“The secret to success is hospitality,” said the tall, attractive woman wearing a black felt hat with an enormously large, undulating rim. “What a pity everyone texts and no-one converses anymore.”
We were walking, in unfriendly, damp, drizzly November weather, along the Körút, the avenue that rings Budapest’s city center east of the Danube.
Our group, dedicated to coffee-house history in the Austro-Hungarian Monarchy, had gathered in front of the old Britannia hotel (now called Radisson Béke) where we briefly reminisced about the exquisite, elegant Zsolnay porcelain dishes in use at the hotel’s Cafe in its heyday during the early twentieth century.
Our guide – her name was Gabriella but she asked us to call her Gabri NOT Gabi – then told us about the defunct Abazzia and the Savoy Coffee Houses (frequented by journalists and politicians) as we walked toward the Művész Coffee House, (the gathering place of opera singers, musicians and theatre and film actors).
We took refuge from the rain in the Művész and were treated to excellent coffee and delicious patisseries. Apparently, Anthony Hopkins loves the “Punch” Tort it offers its patrons.

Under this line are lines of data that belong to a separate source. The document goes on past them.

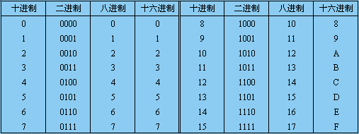 4. 二进制数与十六进制数的相互转换(四位一组)
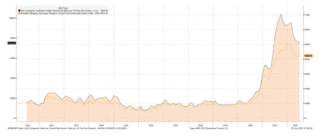 In secondo luogo, vediamo alcuni segnali di miglioramento delle catene di approvvigionamento. Il grafico sottostante mostra alcuni prezzi di riferimento per il trasporto di container. Sono ancora alti ma hanno iniziato a scendere.
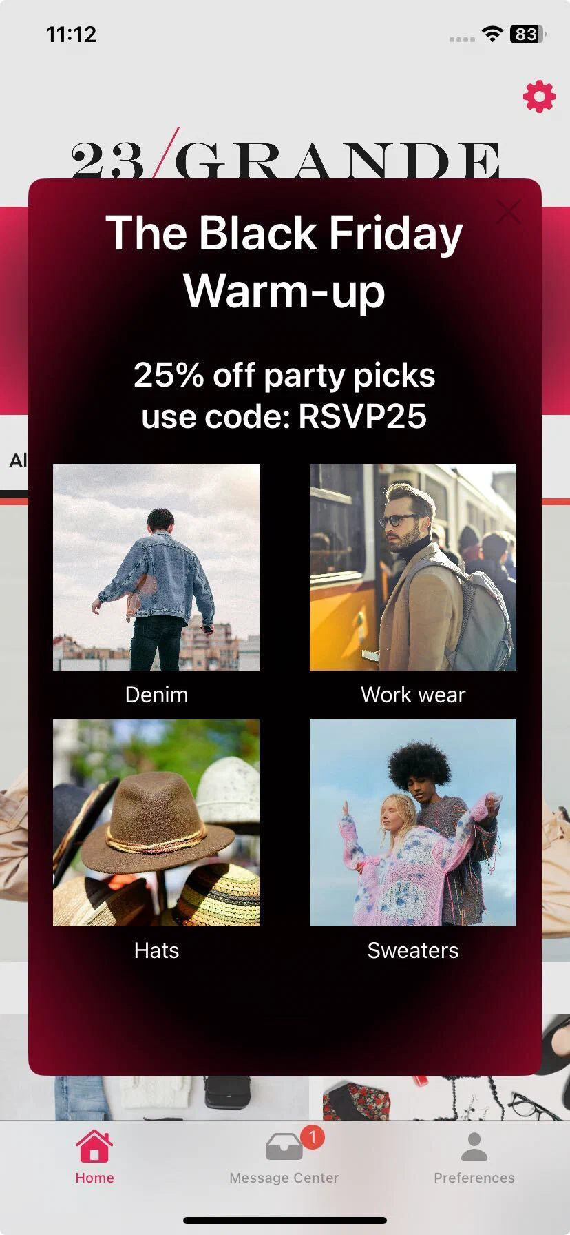 When configuring a screen or the Media element for an image in a SceneA mobile app or web experience of one or more screens displayed with fully native UI components in real time, providing immediate, contextual responses to user behaviors. Scenes can be presented in full-screen, modal, or embedded format using the default swipe/click mode or as a Story. They can also contain survey questions., assign an action to make it behave like a button.

This venue is the ideal illustration of WHY NOBODY CONVERSES ANYMORE. (Nowadays, the new style Retro coffee houses and the so-called “in” restaurants, decorated with a lack of elegance and furnished with space-saving in mind, are simply too noisy and crammed.)
Contrast this with what you can see from the picture above.
The classical coffee house of yore (and there still are about a dozen operating in Budapest) was furnished as if it were the luxurious living room of a middle-class home. People sat in comfortable armchairs at reasonably-spaced tables where attentive, well-trained waiters looked after them in stylish comme il faut while their patrons conversed in subdued tones. Contrary to the situation today, nobody could – or, wanted to – hear what was being talked about at the adjacent table.
Conversation was the essence of social activity. That is why each popular coffee house quickly developed its own type of clientele. People met their like-minded friends and colleagues at their favorite venue regularly and often, not only to talk, but also to read the daily papers, exchange views and keep abreast of what was happening in their community, and, also more widely, in the world.
And, surprise, surprise, everyone who was anyone, actually took the trouble to read the daily newspapers which were provided by the coffee houses mounted on ingenious, hand-held, bamboo reading racks.
Those days are gone,
Alas, as the French say, tout passe, tout lasse, tout casse et tout se remplace. Everything passes, everything wears out, everything breaks and everything gets replaced. The Romans, of course, try to console us with tempora mutantur, nos et mutamur in illis (times change, and we change with them), but I find this to be of little consolation.
From the Művész we drifted to the Astoria, a coffee house located in the eponymously named hotel that served as the Gestapo’s Budapest headquarters during World War Two. Our tour ended at the New York (refuge of newspaper editors, journalists, poets and writers).
So, that rainy November day, we were privileged to have learned about six popular “classic” coffee houses, but, unfortunately, we did not have time to visit the Central Kávéház where the famous Flodni, the “four-act pastry”, (a traditional Hungarian Jewish confection with fillings of poppy, walnut, apple, and plum jam, separated by five layers of sweet pastry) had been invented – or, at least, perfected… supposedly.